Figure 3 shows our recent measurement of the dipole moment of the ethyl radical (C₂H₅). Ethyl radicals can be generated by the pyrolysis of multiple precursors, including di-tertamyl peroxide, n-propyl nitrite, and ethyl iodide. The top zero-field spectrum in Figure 3 corresponds to the ethyl radical CH₂ symmetric stretch ro-vibrational spectrum. The simulation of the Stark spectrum (Figure 3; bottom red curve) is obtained assuming a dipole moment of 0.28(2) Debye. This measurement represents the first determination of the ethyl radical's permanent electric dipole moment.

 

Figure 3: Ro-vibrational Zero-field (top) and Stark (bottom) spectra of the CH₂ symmetric stretch of the ethyl radical. The red traces correspond to simulations. The Stark spectrum is simulated with 0.28(2) Debye dipole moments for both the ground and excited vibrational states.

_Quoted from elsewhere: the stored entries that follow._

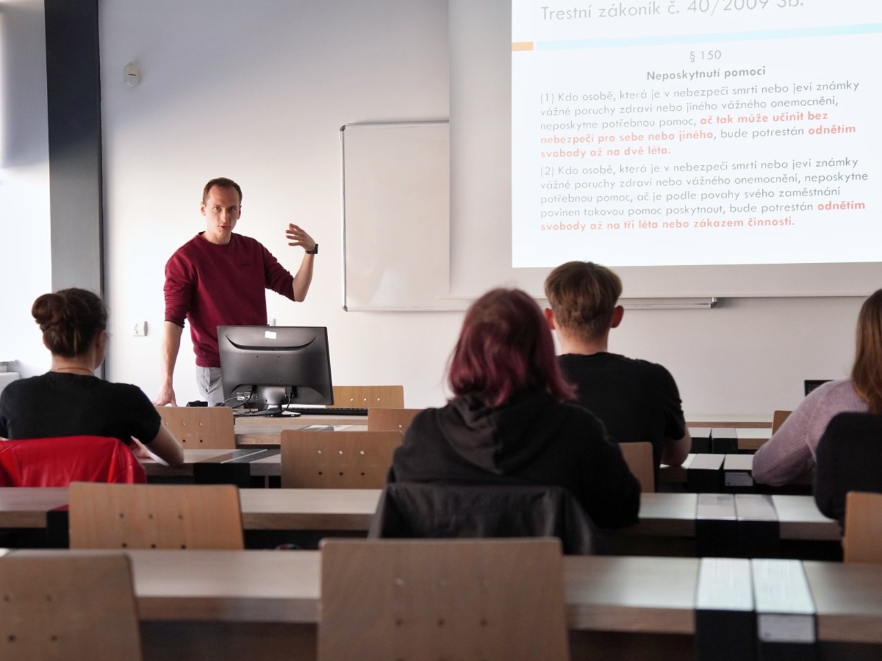 Patnáctka studujících absolvovala kurz první pomoci Neznáš, nezachráníš!, který připravil Spolek mediků LF UP. Poté, co si vyslechli krátkou teoretickou přednášku a na stanovištích vyzkoušeli základy ošetření zranění a záchrany života, si otestovali, jak by řešili situace, které je mohou potkat v běžném životě. V modelových situacích, kterými výuková akce vyvrcholila, se museli popasovat s autonehodou, matkou s dusícím se dítětem a kolapsem seniora za „asistence“ dvou opilých slečen. Kurz Neznáš, nezachráníš! pro studenty a studentky UP patří k pravidelným akcím, které Spolek mediků LF UP pořádá, více o činnosti spolku se dozvíte zde.
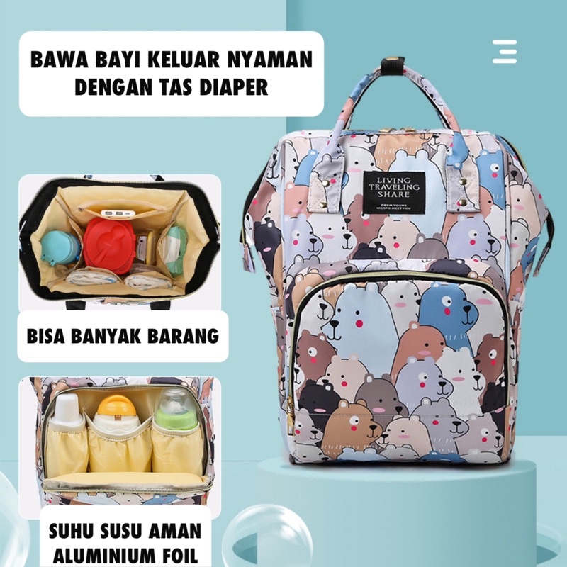 TAS BAYI 6010 - Tas Bayi LTS CARTOON Ransel Perlengkapan Travelling Popok Bayi Tas Diaper Bag - G1
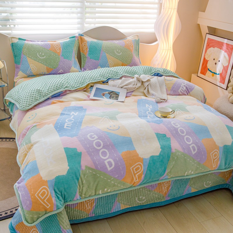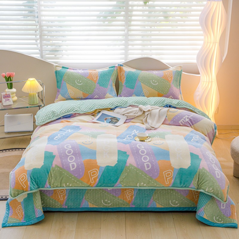(总)青竹苑2023新款床盖款四件套牛奶绒夹棉床盖宝宝绒豆豆学生三件套
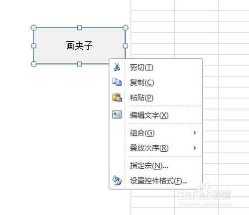 7.选中“画夹子”控件,然后点击鼠标右键,选择“指定宏”。
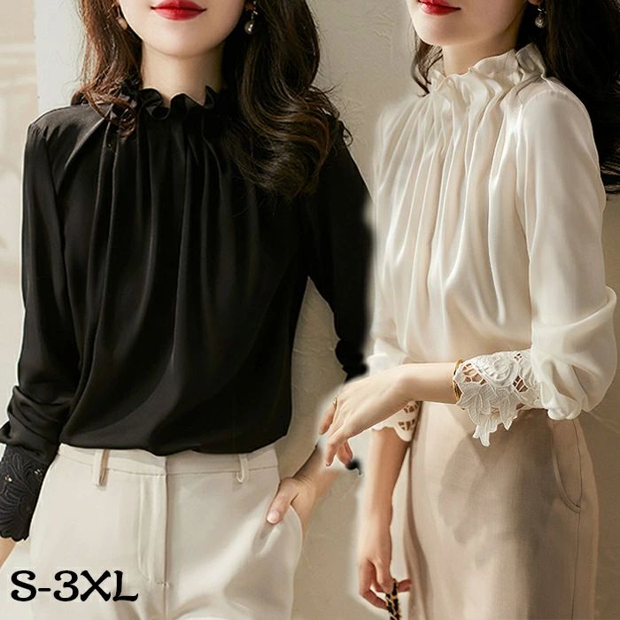 長袖 ブラウス レディース フリルネック フリル襟 シャツ トップス ハイネック レース袖 フォーマル 光沢感 ギャザー オ 華やか

We have also made progress on studies in which a reaction occurs between two radicals picked-up by a single helium droplet. Of particular interest is the reaction between resonantly stabilized free radicals (RSFRs), such as the propargyl (C₃H₃) and allyl (C₃H₅) radicals, with O₂. Unlike alkyl + O₂ reactions, quantum chemistry predicts barriers of ~1-4 kcal/mol in the entrance channels of the C₃H₃ + O₂ and C₃H₅ + O₂ reactions. Upon forming the C-O bond, the resonance stabilization energy in these hydrocarbon radicals (~8-9 kcal/mol) must be broken, hence the presence of the small entrance channel barrier. It is therefore interesting to consider the condensation of C₃H₃ and O₂ within a helium droplet. From previous helium droplet work, we expect to observe the metastable entrance channel C₃H₃-O₂ van-der-Waals complex.

However, upon introducing single O₂ molecules to droplets containing single propargyl radicals, we find no evidence for the formation of a weakly bound C₃H₃-O₂ van-der-Waals complex. Instead, we find a band in the spectrum that can be assigned to the propargyl peroxy radical (Figure 4), an intermediate on the C₃H₃-O₂ potential surface, which is about 20 kcal/mol downhill from the entrance channel. This result suggests that the barrier height may be overestimated by the single reference ab initio calculations for this system.  Indeed, it has been shown that the transition state region of the potential surface exhibits strong multi-reference character. We are continuing this study and plan to conduct multi-reference ab initio calculations of the entrance channel valley of the C₃H₃-O₂ potential surface.